**WHAT THE EXERCISE ASKS:** Return the lines of the data below starting at the one holding "펀더멘탈과 기술적 분석을" and ending at the one holding "SERI 연구에세이 112권.", word for word, leaving every picture out.

**DATA:**

╔══

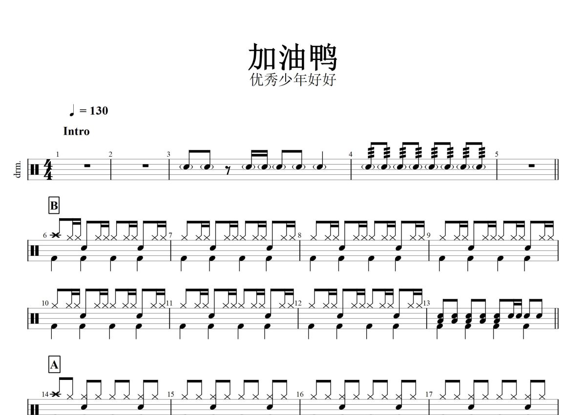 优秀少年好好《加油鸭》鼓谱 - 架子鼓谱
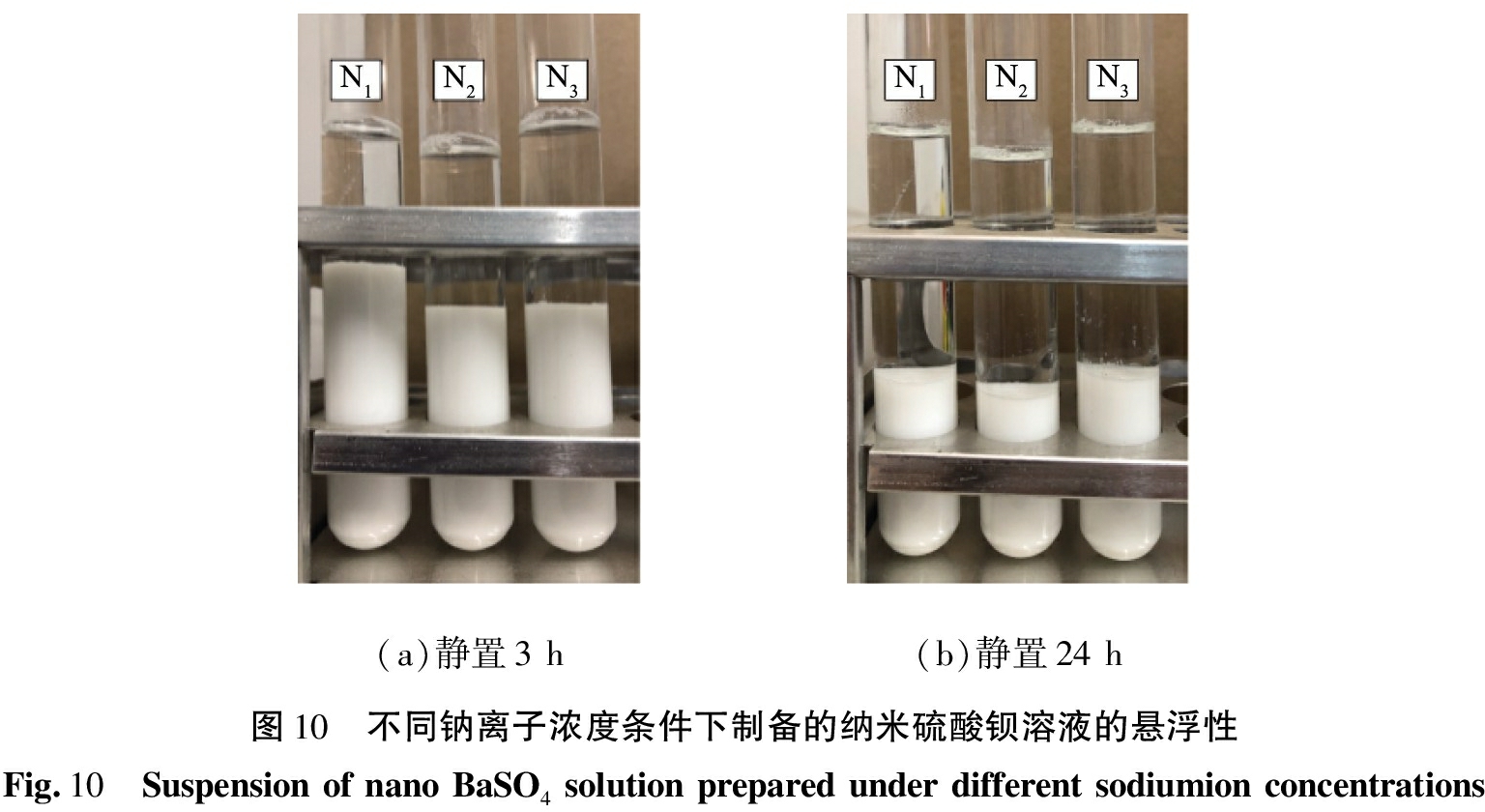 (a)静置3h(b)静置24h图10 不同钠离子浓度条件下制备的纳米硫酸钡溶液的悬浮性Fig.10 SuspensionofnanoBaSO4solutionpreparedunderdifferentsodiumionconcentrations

╚══
╔══

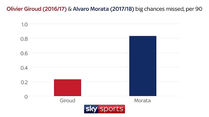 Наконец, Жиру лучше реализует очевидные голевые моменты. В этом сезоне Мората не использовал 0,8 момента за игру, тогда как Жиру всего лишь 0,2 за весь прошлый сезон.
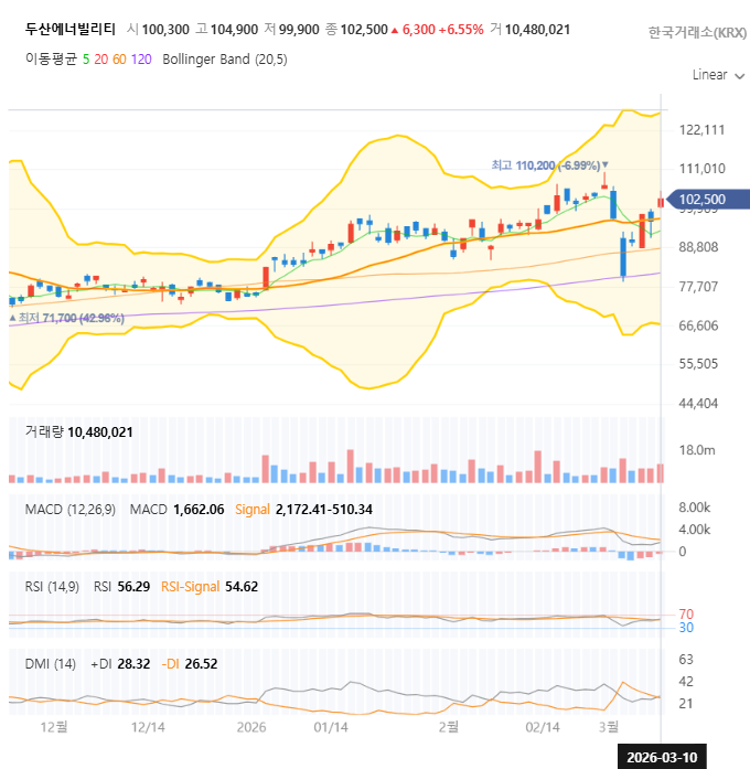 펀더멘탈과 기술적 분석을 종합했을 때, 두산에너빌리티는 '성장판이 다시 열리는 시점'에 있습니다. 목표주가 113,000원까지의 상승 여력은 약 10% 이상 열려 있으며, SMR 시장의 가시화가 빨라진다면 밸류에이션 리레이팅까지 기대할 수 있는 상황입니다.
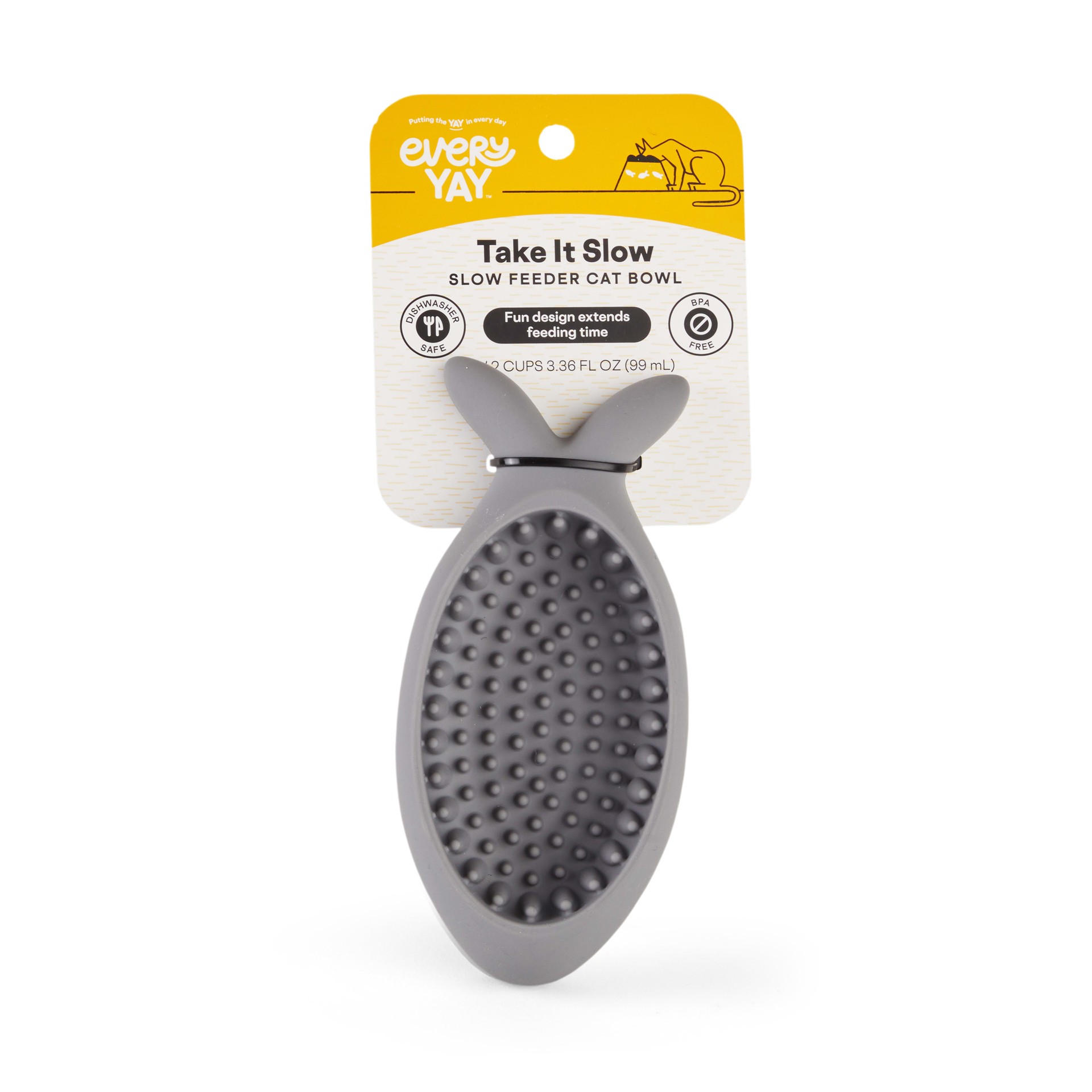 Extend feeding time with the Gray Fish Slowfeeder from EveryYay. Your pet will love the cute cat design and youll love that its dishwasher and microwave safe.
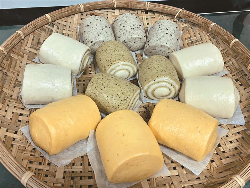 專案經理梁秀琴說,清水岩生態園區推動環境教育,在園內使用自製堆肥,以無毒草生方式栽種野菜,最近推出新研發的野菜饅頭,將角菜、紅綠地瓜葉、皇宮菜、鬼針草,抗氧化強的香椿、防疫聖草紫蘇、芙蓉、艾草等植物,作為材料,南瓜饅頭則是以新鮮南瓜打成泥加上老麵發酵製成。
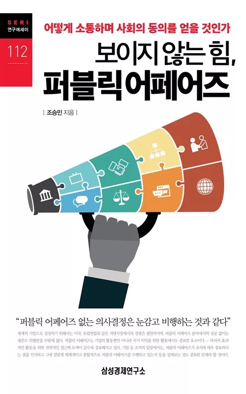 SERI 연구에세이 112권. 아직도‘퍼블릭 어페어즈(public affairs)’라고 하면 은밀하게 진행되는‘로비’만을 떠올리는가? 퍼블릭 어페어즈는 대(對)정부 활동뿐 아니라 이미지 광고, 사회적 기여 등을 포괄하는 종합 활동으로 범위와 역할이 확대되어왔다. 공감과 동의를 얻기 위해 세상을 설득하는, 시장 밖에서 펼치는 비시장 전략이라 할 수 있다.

╚══
╔══

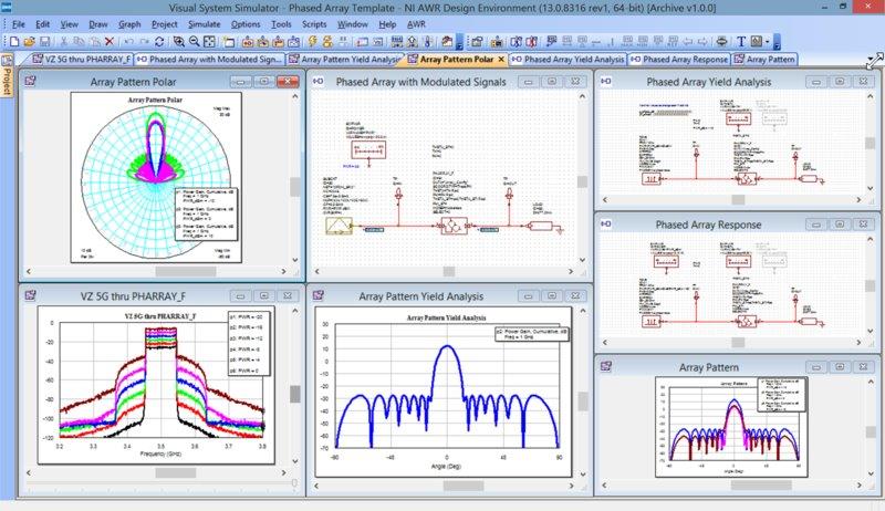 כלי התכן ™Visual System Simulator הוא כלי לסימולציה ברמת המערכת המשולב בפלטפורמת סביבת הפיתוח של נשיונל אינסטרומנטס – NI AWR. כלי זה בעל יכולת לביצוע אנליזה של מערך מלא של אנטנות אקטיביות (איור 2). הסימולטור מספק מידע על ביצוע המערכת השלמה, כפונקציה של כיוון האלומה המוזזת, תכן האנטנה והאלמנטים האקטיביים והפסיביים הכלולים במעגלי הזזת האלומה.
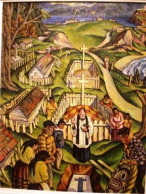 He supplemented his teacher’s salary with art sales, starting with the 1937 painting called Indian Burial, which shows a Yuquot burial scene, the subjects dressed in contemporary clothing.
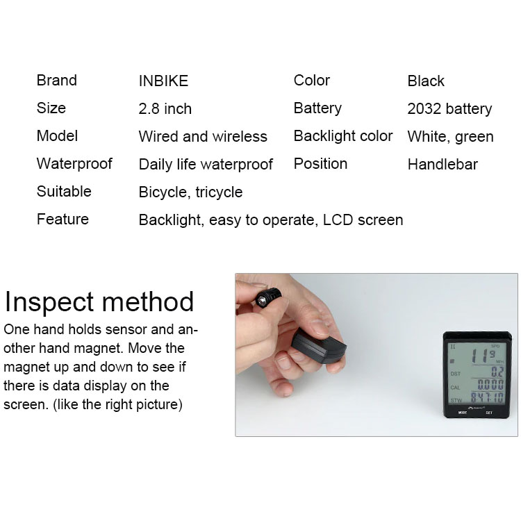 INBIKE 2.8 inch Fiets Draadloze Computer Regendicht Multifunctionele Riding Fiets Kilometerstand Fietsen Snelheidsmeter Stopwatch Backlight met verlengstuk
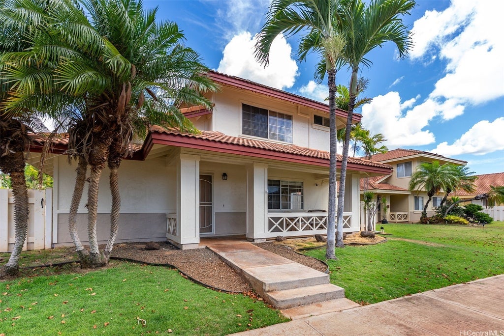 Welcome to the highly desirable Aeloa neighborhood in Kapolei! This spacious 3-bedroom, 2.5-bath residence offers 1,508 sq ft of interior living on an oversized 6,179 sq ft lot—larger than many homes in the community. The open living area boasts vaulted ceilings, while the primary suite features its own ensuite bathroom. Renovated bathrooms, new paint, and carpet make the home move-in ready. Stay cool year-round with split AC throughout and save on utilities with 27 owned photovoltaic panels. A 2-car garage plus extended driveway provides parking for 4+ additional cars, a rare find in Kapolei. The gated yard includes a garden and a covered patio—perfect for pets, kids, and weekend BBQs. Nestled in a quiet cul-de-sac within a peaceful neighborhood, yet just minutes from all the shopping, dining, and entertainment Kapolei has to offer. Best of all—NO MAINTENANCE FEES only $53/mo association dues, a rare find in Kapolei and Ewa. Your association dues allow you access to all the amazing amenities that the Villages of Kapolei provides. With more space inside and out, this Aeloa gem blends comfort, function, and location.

╚══

**EXPECTED ANSWER:**
 펀더멘탈과 기술적 분석을 종합했을 때, 두산에너빌리티는 '성장판이 다시 열리는 시점'에 있습니다. 목표주가 113,000원까지의 상승 여력은 약 10% 이상 열려 있으며, SMR 시장의 가시화가 빨라진다면 밸류에이션 리레이팅까지 기대할 수 있는 상황입니다.
 Extend feeding time with the Gray Fish Slowfeeder from EveryYay. Your pet will love the cute cat design and youll love that its dishwasher and microwave safe.
 專案經理梁秀琴說,清水岩生態園區推動環境教育,在園內使用自製堆肥,以無毒草生方式栽種野菜,最近推出新研發的野菜饅頭,將角菜、紅綠地瓜葉、皇宮菜、鬼針草,抗氧化強的香椿、防疫聖草紫蘇、芙蓉、艾草等植物,作為材料,南瓜饅頭則是以新鮮南瓜打成泥加上老麵發酵製成。
 SERI 연구에세이 112권. 아직도‘퍼블릭 어페어즈(public affairs)’라고 하면 은밀하게 진행되는‘로비’만을 떠올리는가? 퍼블릭 어페어즈는 대(對)정부 활동뿐 아니라 이미지 광고, 사회적 기여 등을 포괄하는 종합 활동으로 범위와 역할이 확대되어왔다. 공감과 동의를 얻기 위해 세상을 설득하는, 시장 밖에서 펼치는 비시장 전략이라 할 수 있다.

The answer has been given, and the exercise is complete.